### <font color="brown">Working with CSV Datasets</font>

In [6]:
import csv

#### Example 3: Processing auto-mpg CSV file Using DictReader

In [7]:
# using DictReader on csv
reader = csv.DictReader(open('auto_mpg_original.csv'))
for index,row in enumerate(reader):
    print(row)
    if index > 3:
        break

OrderedDict([('mpg', '18.0'), ('cylinders', '8.'), ('displacement', '307.0'), ('horsepower', '130.0'), ('weight', '3504.'), ('acceleration', '12.0'), ('model year', '70.'), ('origin', '1.'), ('car name', 'chevrolet chevelle malibu')])
OrderedDict([('mpg', '15.0'), ('cylinders', '8.'), ('displacement', '350.0'), ('horsepower', '165.0'), ('weight', '3693.'), ('acceleration', '11.5'), ('model year', '70.'), ('origin', '1.'), ('car name', 'buick skylark 320')])
OrderedDict([('mpg', '18.0'), ('cylinders', '8.'), ('displacement', '318.0'), ('horsepower', '150.0'), ('weight', '3436.'), ('acceleration', '11.0'), ('model year', '70.'), ('origin', '1.'), ('car name', 'plymouth satellite')])
OrderedDict([('mpg', '16.0'), ('cylinders', '8.'), ('displacement', '304.0'), ('horsepower', '150.0'), ('weight', '3433.'), ('acceleration', '12.0'), ('model year', '70.'), ('origin', '1.'), ('car name', 'amc rebel sst')])
OrderedDict([('mpg', '17.0'), ('cylinders', '8.'), ('displacement', '302.0'), ('horsepo

**Print header column names, and all lines that have an NA for any of the fields**

In [8]:
# using fieldnames and values methods
reader = csv.DictReader(open('auto_mpg_original.csv'))
print(reader.fieldnames)
print(','.join(reader.fieldnames))
for row in reader:
    values = list(row.values())  # need to cast row.values() to list
    if 'NA' in values:
        values[-1] = '"' + values[-1] + '"'
        print(','.join(values))

['mpg', 'cylinders', 'displacement', 'horsepower', 'weight', 'acceleration', 'model year', 'origin', 'car name']
mpg,cylinders,displacement,horsepower,weight,acceleration,model year,origin,car name
NA,4.,133.0,115.0,3090.,17.5,70.,2.,"citroen ds-21 pallas"
NA,8.,350.0,165.0,4142.,11.5,70.,1.,"chevrolet chevelle concours (sw)"
NA,8.,351.0,153.0,4034.,11.0,70.,1.,"ford torino (sw)"
NA,8.,383.0,175.0,4166.,10.5,70.,1.,"plymouth satellite (sw)"
NA,8.,360.0,175.0,3850.,11.0,70.,1.,"amc rebel sst (sw)"
NA,8.,302.0,140.0,3353.,8.0,70.,1.,"ford mustang boss 302"
25.0,4.,98.00,NA,2046.,19.0,71.,1.,"ford pinto"
NA,4.,97.00,48.00,1978.,20.0,71.,2.,"volkswagen super beetle 117"
21.0,6.,200.0,NA,2875.,17.0,74.,1.,"ford maverick"
40.9,4.,85.00,NA,1835.,17.3,80.,2.,"renault lecar deluxe"
23.6,4.,140.0,NA,2905.,14.3,80.,1.,"ford mustang cobra"
34.5,4.,100.0,NA,2320.,15.8,81.,2.,"renault 18i"
NA,4.,121.0,110.0,2800.,15.4,81.,2.,"saab 900s"
23.0,4.,151.0,NA,3035.,20.5,82.,1.,"amc concord dl"

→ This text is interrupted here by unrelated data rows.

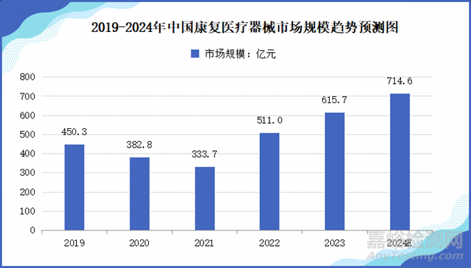 據相關報告顯示,2022年中國康復醫(yī)療器械市場規(guī)模達511.0億元,同比增長13.5%;2023年市場規(guī)模約615.7億元;2024年市場規(guī)模預計將達714.6億元。
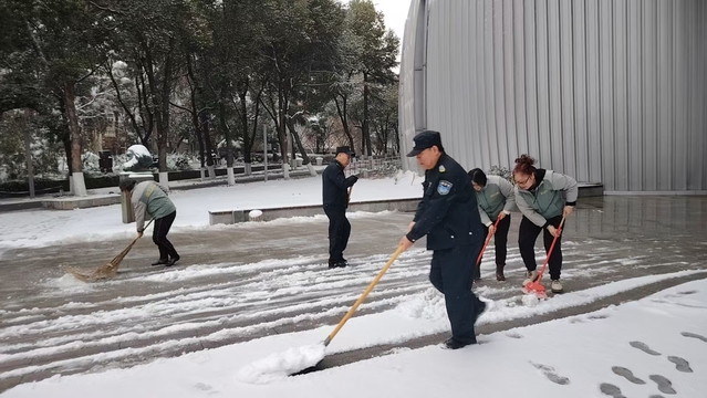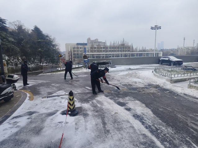 昨夜,一场瑞雪翩然而至。保卫处启动应急预案,保安队员实行区域责任制与动态巡逻清雪相结合的模式,用责任与温暖保障校园通行安全。后勤保障处第一时间联动后勤公司生活中心、物业等多方力量,高效开展扫雪除冰工作。
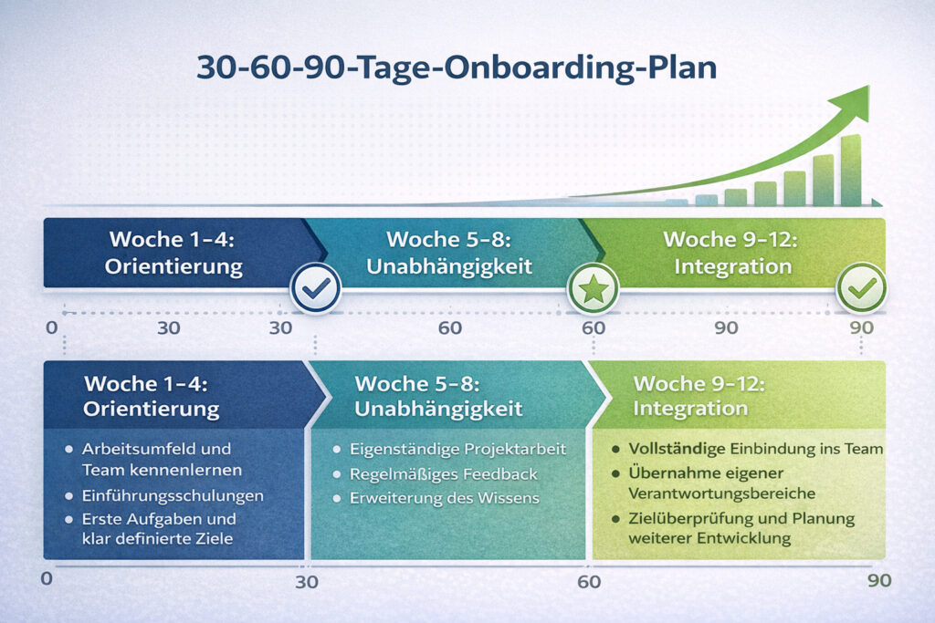 - Woche 9-12 (90 Tage): Vollständige Integration – Regelmäßige Aufgaben selbstständig übernehmen
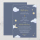 Um chá de fraldas virtual é perfeito quando os entes queridos não podem estar juntos, mas ainda querem chá para que os pais estejam com amor e presentes para se prepararem para a chegada do seu bebê. Este Chá de fraldas de Longa Distância por Convite por Correio, cinza-brilho, tem uma nuvem de aquarela, estrelas e uma lua. Personalize com suas informações ou clique em "Clique para personalizar mais" para editar estilos de fonte, tamanho e cores.
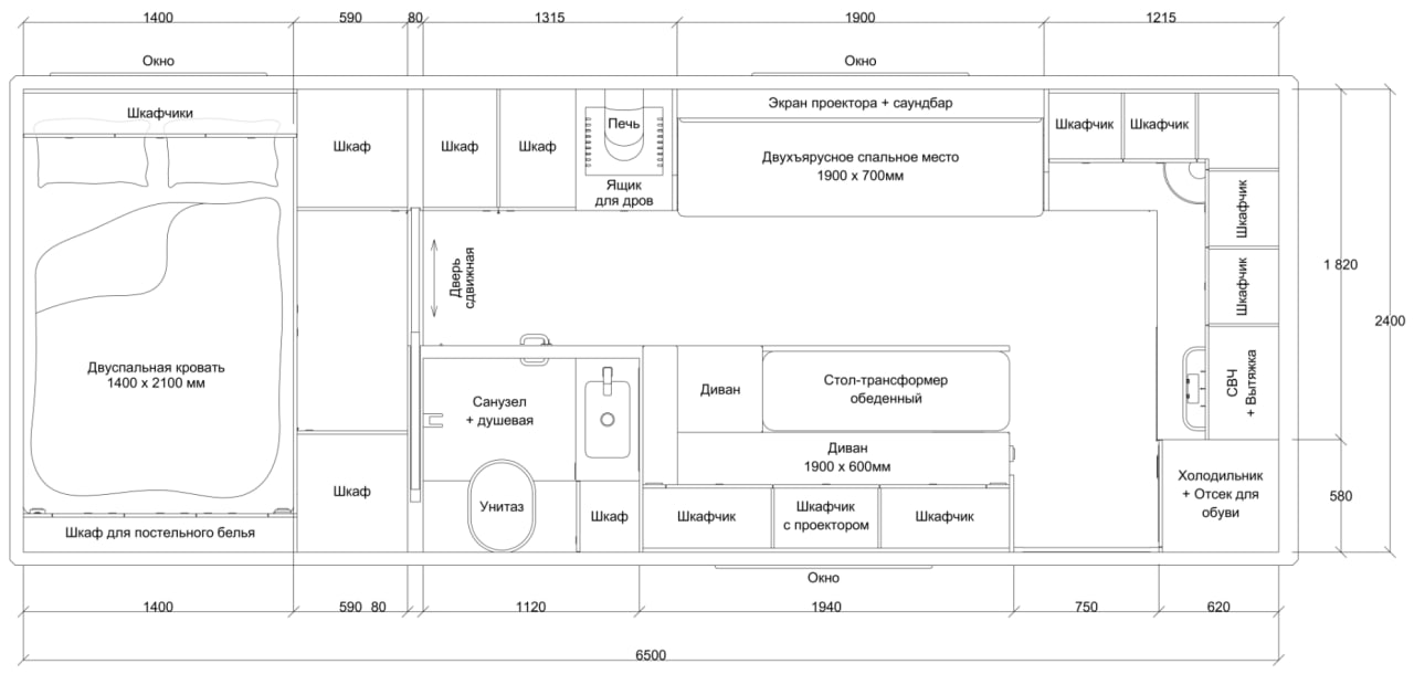 Автодом рассчитан на размещение до 6 гостей и предлагает полноценное жилое пространство:
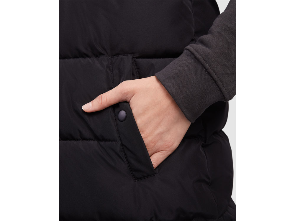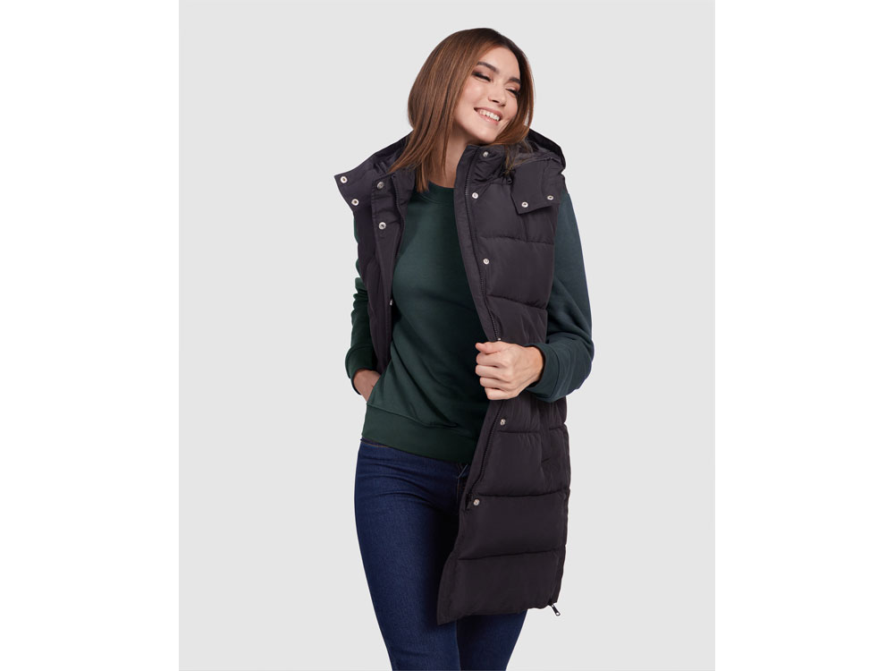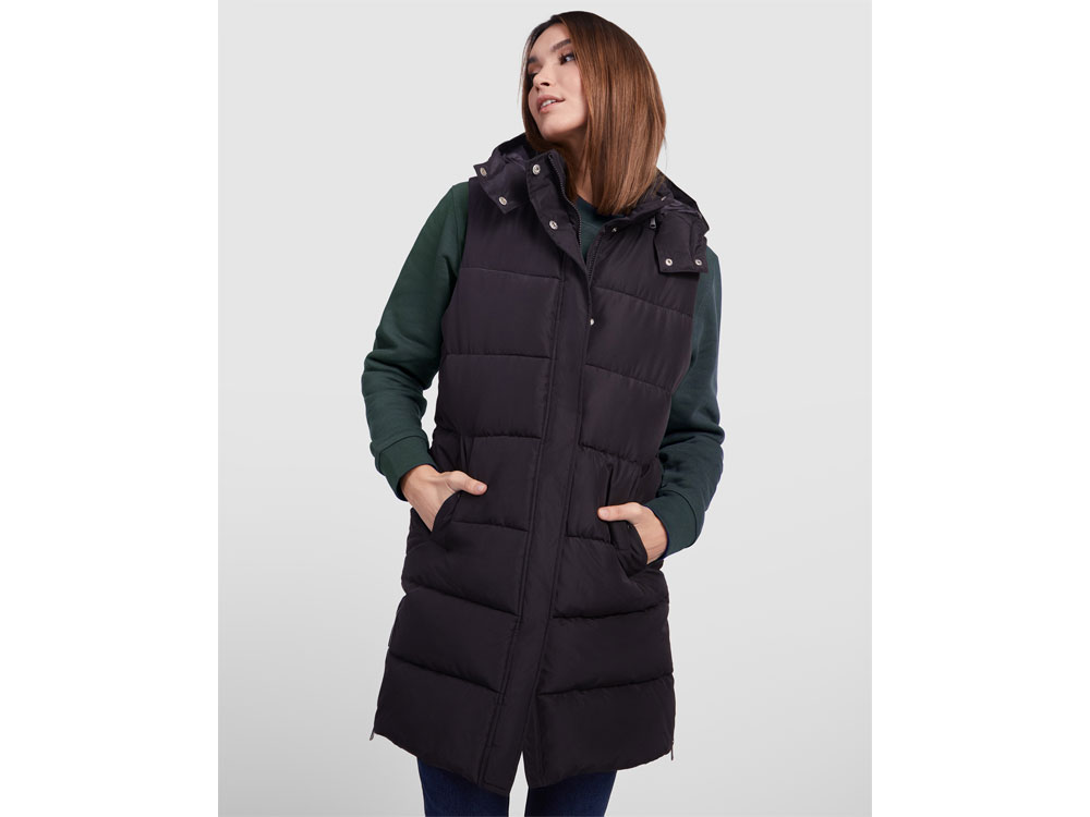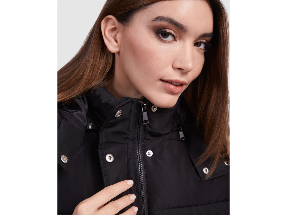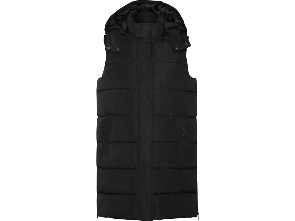 Женский стеганый жилет со съемным капюшоном. · Высокий воротник. · Передняя застежка на молнию и кнопки. · Два кармана на кнопках. · Боковые разрезы продублированы молниями. · Внутренний доступ для нанесения
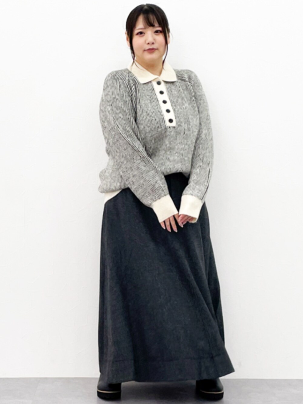 nissen Smile Models(nissen本店models)のスカート「 ツイードフレアマキシスカート <大きいサイズ有>シックスタイル」を使ったコーディネート
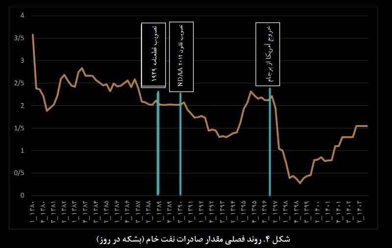 ۳. نمودار صادرات نفت پس از خروج آمریکا از برجام:
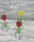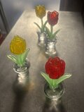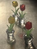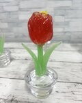 ガラスで作った赤色のチューリップの鉢植えです。
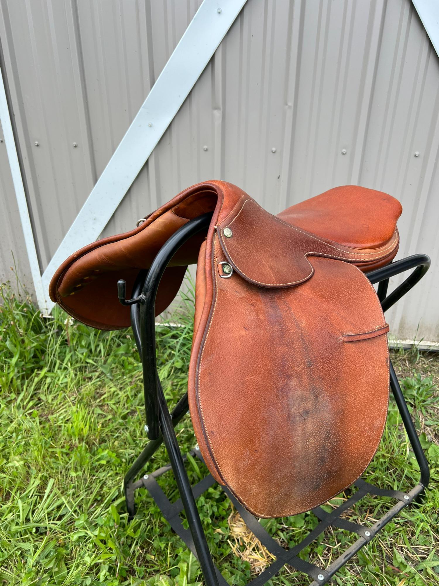 Vintage Blue Ribbon Leather Co. tan leather English riding saddle. Made in England. Size: 20" wide, 3.75" neck

**Write out a cleaned up version into a CSV file**

In [97]:
reader = csv.DictReader(open('auto_mpg_original.csv'))  # input, has a bunch of NAs for values
with open('auto_mpg.csv','w') as csvfile:               # output, delete lines with NA for any value
    csvfile.write(','.join(reader.fieldnames)+'\n')     # header line with field names    
    for row in reader:
        if 'NA' in row.values():
            continue
        values = list(row.values())
        csvfile.write(','.join(values)+'\n')


**Alternatively, you can use a CSV DictWriter writer to write out**

In [96]:
with open('auto_mpg_original.csv') as csvfile: 
    reader = csv.DictReader(csvfile)
    
    with open('auto_mpg.csv','w',newline='') as csvout:
        # fieldnames is a required parameter for DictWriter
        writer = csv.DictWriter(csvout,fieldnames=reader.fieldnames, delimiter='\t')  
        writer.writeheader()   
        for row in reader:
            if 'NA' in row.values():
                continue
            writer.writerow(row)  

---

### <font color="brown">Working with JSON (JavaScript Object Notation) Datasets</font>

In [14]:
import json

---

#### <font color="brown">Loading a JSON-formatted string into a JSON object</font>

In [16]:
json1 = '{"hill center":"Busch", "AB":"College Ave"}'   # a string containing dictionary formatted data
# load this into Python
dict1 = json.loads(json1)
print(dict1)
print(dict1.keys())
print(dict1.values())

{'hill center': 'Busch', 'AB': 'College Ave'}
dict_keys(['hill center', 'AB'])
dict_values(['Busch', 'College Ave'])


In [18]:
json1 = {"hill center":"Busch", "AB":"College Ave"}   
# load this into Python
dict1 = json.loads(json1)
print(dict1)

TypeError: the JSON object must be str, bytes or bytearray, not dict

**Above doesn't work - the input must be a string, so need quotes around the whole thing**

In [19]:
json1 = '{2:"Busch", 1:"College Ave"}'  
# load this into Python
dict1 = json.loads(json1)
print(dict1)

JSONDecodeError: Expecting property name enclosed in double quotes: line 1 column 2 (char 1)

**Keys are required to be strings, so the numbers 2 and 1 as keys are rejected**

**But values are not required to be strings**

In [20]:
json1 = '{"John":12, "Jane":25}'   # but values need not be strings
# load this into Python
dict1 = json.loads(json1)
print(dict1)

{'John': 12, 'Jane': 25}


In [21]:
x =  '{ "name":"John", "age":30, "city":"New York"}'
y = json.loads(x)
print(y)
print(y["age"])

{'name': 'John', 'age': 30, 'city': 'New York'}
30


**Key strings are required to be double-quoted**

In [22]:
x =  "{ 'name':'John', 'age':30, 'city':'New York'}"
y = json.loads(x)

JSONDecodeError: Expecting property name enclosed in double quotes: line 1 column 3 (char 2)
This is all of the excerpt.